Calder v. State, 619 P.2d 1026, 1028 (Alaska 1980).
. The federal rule has been summarized as follows:
The applicable rule is that where the same act or transaction constitutes a violation of two distinct statutory provisions, the test to be applied to determine whether there are two offenses or only one, is whether each provision requires proof of a fact which the other does not ....
Brown v. Ohio, 432 U.S. 161, 166, 97 S.Ct. 2221, 2225, 53 L.Ed.2d 187, 194 (1977), quoting Blockburger v. United States, 284 U.S. 299, 52 S.Ct. 180, 76 L.Ed. 306 (1932).
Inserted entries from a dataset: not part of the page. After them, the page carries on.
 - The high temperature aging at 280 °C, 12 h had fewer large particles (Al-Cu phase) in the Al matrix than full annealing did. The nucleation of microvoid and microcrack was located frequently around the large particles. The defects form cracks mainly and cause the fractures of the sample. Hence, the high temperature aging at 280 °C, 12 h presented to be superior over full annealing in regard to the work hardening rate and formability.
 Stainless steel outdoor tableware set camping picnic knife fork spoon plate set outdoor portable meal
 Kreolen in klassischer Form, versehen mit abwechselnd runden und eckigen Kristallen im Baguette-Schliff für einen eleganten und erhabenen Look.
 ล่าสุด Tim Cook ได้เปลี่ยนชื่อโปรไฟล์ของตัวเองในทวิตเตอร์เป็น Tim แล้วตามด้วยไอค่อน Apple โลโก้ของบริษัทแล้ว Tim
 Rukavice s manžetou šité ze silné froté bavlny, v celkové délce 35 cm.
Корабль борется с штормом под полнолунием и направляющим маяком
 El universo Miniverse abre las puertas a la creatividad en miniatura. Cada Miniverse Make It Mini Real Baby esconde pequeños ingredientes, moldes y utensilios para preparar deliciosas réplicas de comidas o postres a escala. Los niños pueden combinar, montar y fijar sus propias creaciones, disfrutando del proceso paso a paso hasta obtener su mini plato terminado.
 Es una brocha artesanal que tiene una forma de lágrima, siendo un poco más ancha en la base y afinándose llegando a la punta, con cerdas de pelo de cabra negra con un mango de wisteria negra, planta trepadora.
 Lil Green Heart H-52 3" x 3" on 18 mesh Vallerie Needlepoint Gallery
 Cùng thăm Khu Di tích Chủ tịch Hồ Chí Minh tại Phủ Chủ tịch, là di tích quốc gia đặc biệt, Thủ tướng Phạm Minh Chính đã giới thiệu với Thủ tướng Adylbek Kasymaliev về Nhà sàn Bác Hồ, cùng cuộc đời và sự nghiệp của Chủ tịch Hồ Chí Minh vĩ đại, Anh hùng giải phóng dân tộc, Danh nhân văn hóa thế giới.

. The Alaska Supreme Court recognized the applicability of “collateral estoppel” to criminal cases in DeSacia v. State, 469 P.2d 369, 379 (Alaska 1970); and Dapcevich v. State, 360 P.2d 789, 792-93 (Alaska 1961); cf. State v. Kott, 636 P.2d 622 (Alaska App.1981).
. A general verdict of guilty ordinarily prevents a defendant from relying on a prior conviction to bar consideration of an issue at a subsequent trial. It is assumed that all issues were resolved against him. See Nimmer, The Double Jeopardy Clause as a Bar to Reintroducing Evidence, 89 Yale L.J. 962, 973 (1980). Since intoxication is both a possible defense to leaving the scene and an element of OMVI, we consider their interplay in light of the collateral estoppel doctrine.
. Miller did not seek to have the OMVI charges dismissed in the lower court because of prosecutorial vindictiveness, nor did he argue this issue in his brief. He did raise it in passing in oral argument. We therefore decline to consider the issue, having concluded that it was improperly preserved for appeal. Prosecutorial vindictiveness is discussed in Atchak v. State, 640 P.2d 135 (Alaska App.1981).